§ **EXERCISE DESCRIPTION**: All of the entries must be reproduced exactly, with no images carried over.

+--

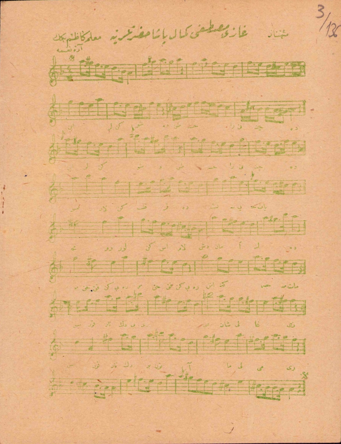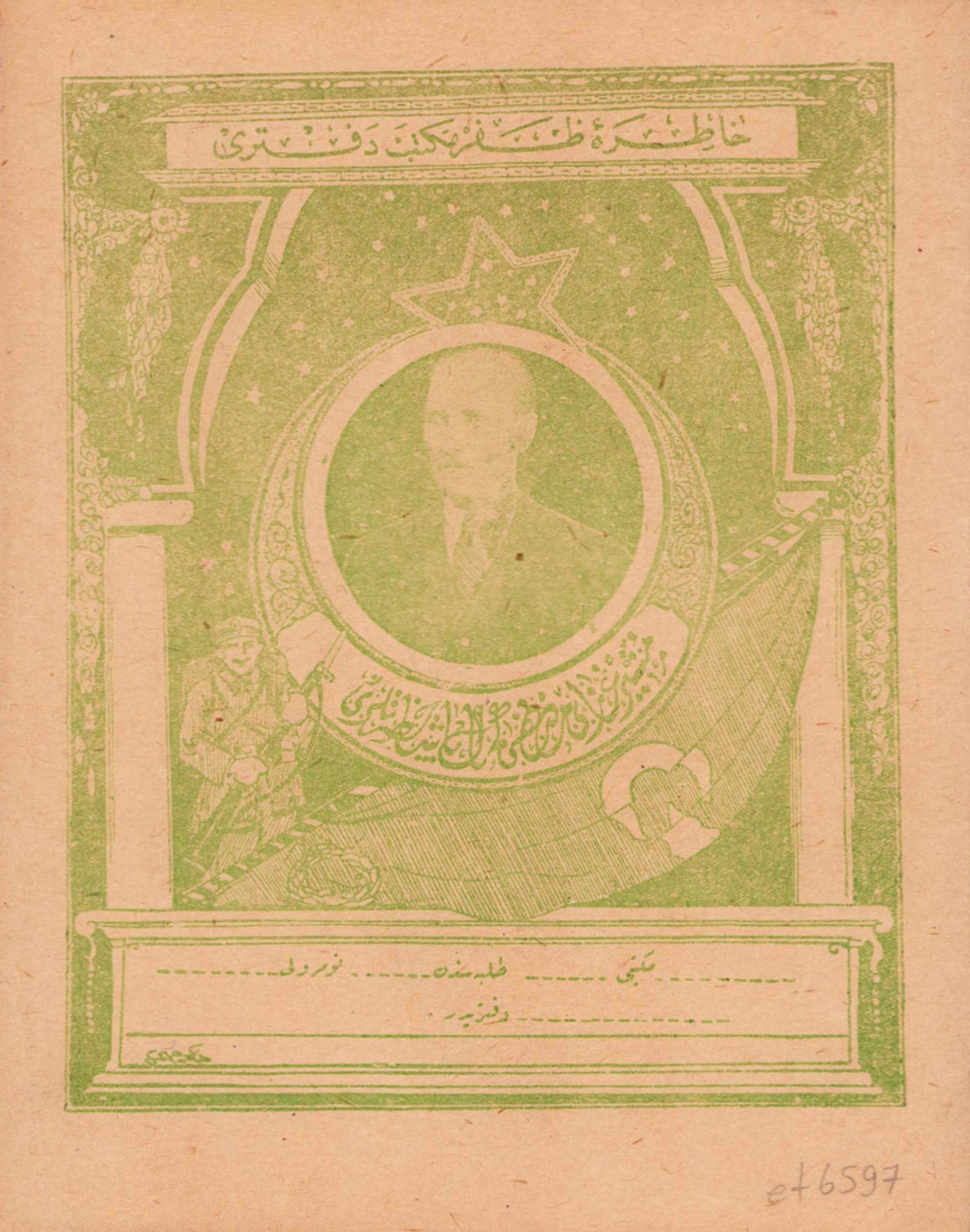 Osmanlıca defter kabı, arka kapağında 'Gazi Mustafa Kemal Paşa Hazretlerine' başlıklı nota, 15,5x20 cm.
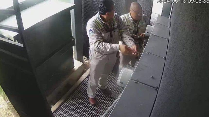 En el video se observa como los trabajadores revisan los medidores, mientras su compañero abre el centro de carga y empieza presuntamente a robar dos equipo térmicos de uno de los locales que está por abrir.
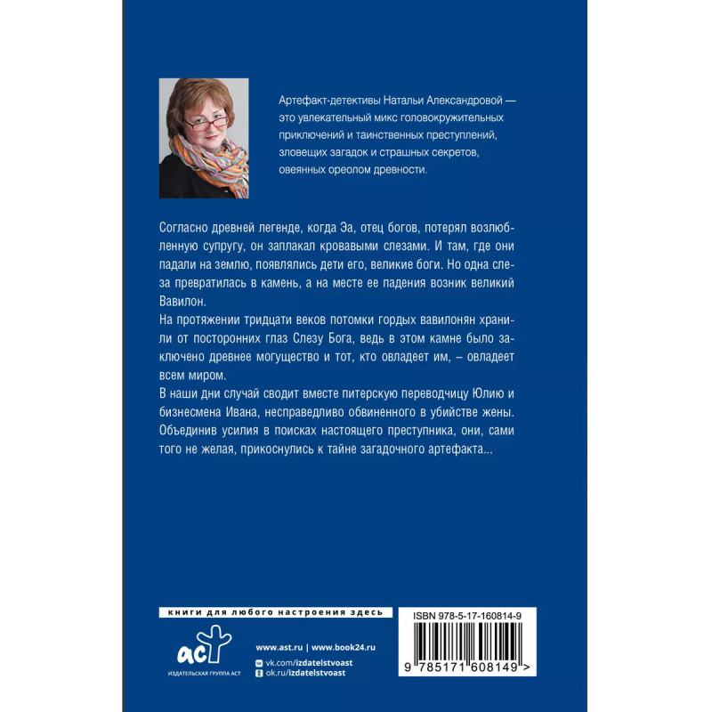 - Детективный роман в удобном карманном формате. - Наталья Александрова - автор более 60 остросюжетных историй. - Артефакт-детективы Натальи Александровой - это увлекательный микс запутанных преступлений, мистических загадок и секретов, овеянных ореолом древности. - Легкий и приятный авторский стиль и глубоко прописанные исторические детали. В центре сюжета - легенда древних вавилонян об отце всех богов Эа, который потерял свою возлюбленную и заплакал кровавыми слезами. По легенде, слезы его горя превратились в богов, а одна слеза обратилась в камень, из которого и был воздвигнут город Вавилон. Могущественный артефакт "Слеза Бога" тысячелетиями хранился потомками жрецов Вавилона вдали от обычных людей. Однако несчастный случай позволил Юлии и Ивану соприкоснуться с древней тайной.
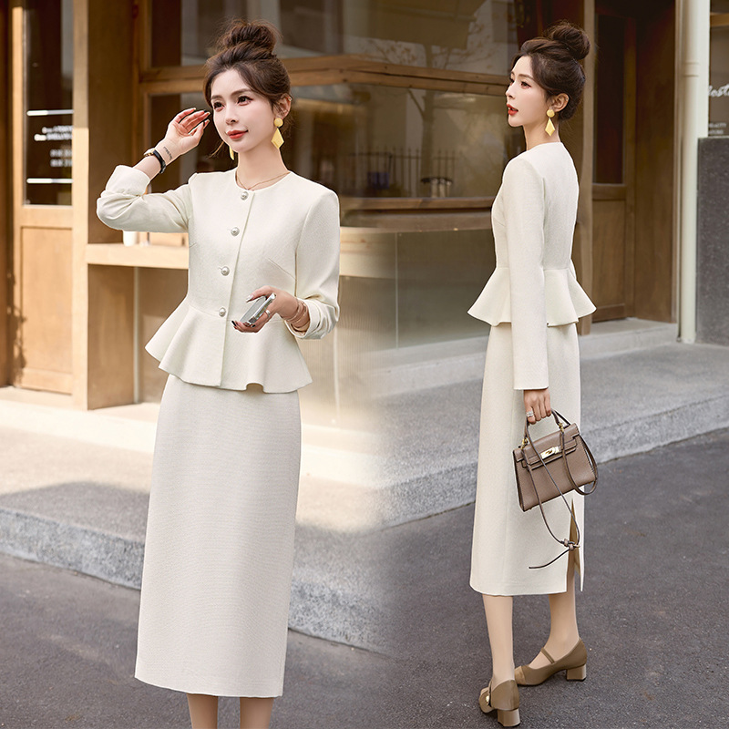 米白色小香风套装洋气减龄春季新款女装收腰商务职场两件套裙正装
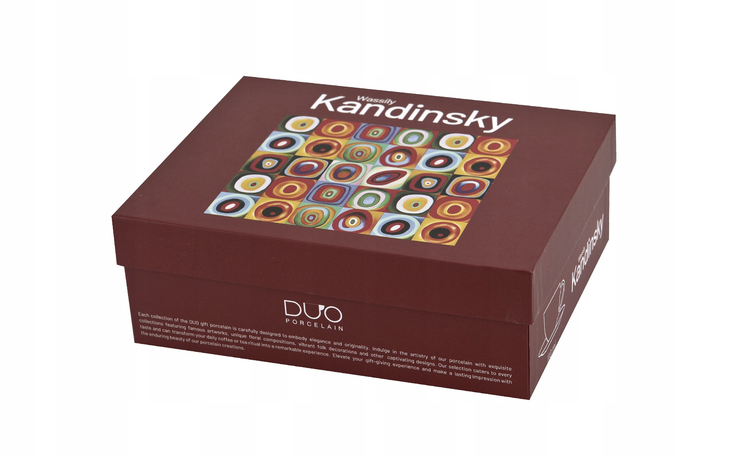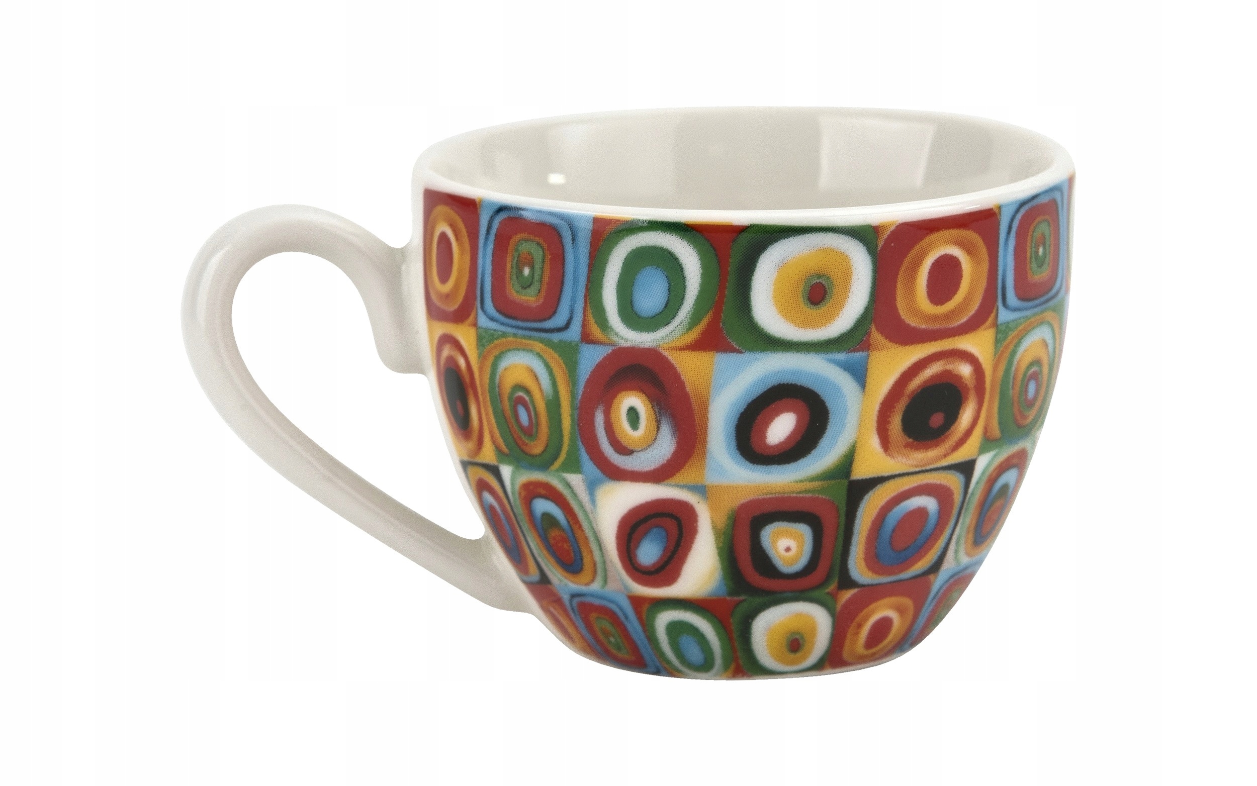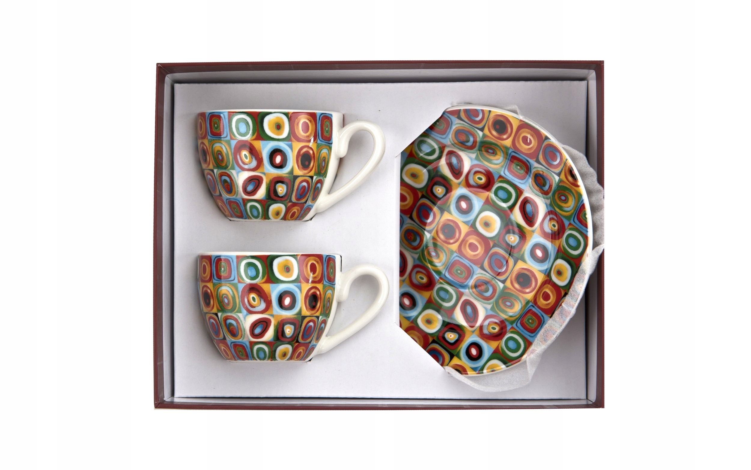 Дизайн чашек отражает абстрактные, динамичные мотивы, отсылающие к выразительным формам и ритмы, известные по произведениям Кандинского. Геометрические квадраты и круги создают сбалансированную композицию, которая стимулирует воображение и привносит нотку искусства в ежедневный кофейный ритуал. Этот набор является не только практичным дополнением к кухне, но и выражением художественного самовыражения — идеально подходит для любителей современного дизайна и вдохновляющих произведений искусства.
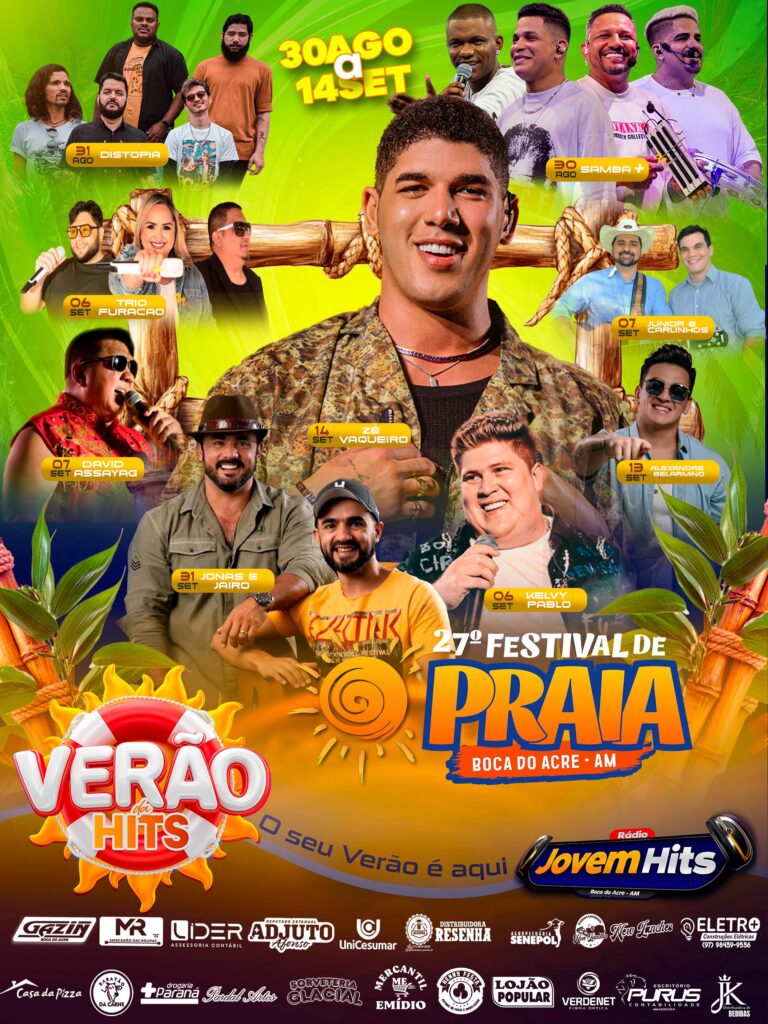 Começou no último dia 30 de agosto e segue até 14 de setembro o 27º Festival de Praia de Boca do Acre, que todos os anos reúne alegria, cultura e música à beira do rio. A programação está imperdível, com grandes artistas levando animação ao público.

+--

§ **RESULT OF THIS EXERCISE**:
 Osmanlıca defter kabı, arka kapağında 'Gazi Mustafa Kemal Paşa Hazretlerine' başlıklı nota, 15,5x20 cm.
 En el video se observa como los trabajadores revisan los medidores, mientras su compañero abre el centro de carga y empieza presuntamente a robar dos equipo térmicos de uno de los locales que está por abrir.
 - Детективный роман в удобном карманном формате. - Наталья Александрова - автор более 60 остросюжетных историй. - Артефакт-детективы Натальи Александровой - это увлекательный микс запутанных преступлений, мистических загадок и секретов, овеянных ореолом древности. - Легкий и приятный авторский стиль и глубоко прописанные исторические детали. В центре сюжета - легенда древних вавилонян об отце всех богов Эа, который потерял свою возлюбленную и заплакал кровавыми слезами. По легенде, слезы его горя превратились в богов, а одна слеза обратилась в камень, из которого и был воздвигнут город Вавилон. Могущественный артефакт "Слеза Бога" тысячелетиями хранился потомками жрецов Вавилона вдали от обычных людей. Однако несчастный случай позволил Юлии и Ивану соприкоснуться с древней тайной.
 米白色小香风套装洋气减龄春季新款女装收腰商务职场两件套裙正装
 Дизайн чашек отражает абстрактные, динамичные мотивы, отсылающие к выразительным формам и ритмы, известные по произведениям Кандинского. Геометрические квадраты и круги создают сбалансированную композицию, которая стимулирует воображение и привносит нотку искусства в ежедневный кофейный ритуал. Этот набор является не только практичным дополнением к кухне, но и выражением художественного самовыражения — идеально подходит для любителей современного дизайна и вдохновляющих произведений искусства.
 Começou no último dia 30 de agosto e segue até 14 de setembro o 27º Festival de Praia de Boca do Acre, que todos os anos reúne alegria, cultura e música à beira do rio. A programação está imperdível, com grandes artistas levando animação ao público.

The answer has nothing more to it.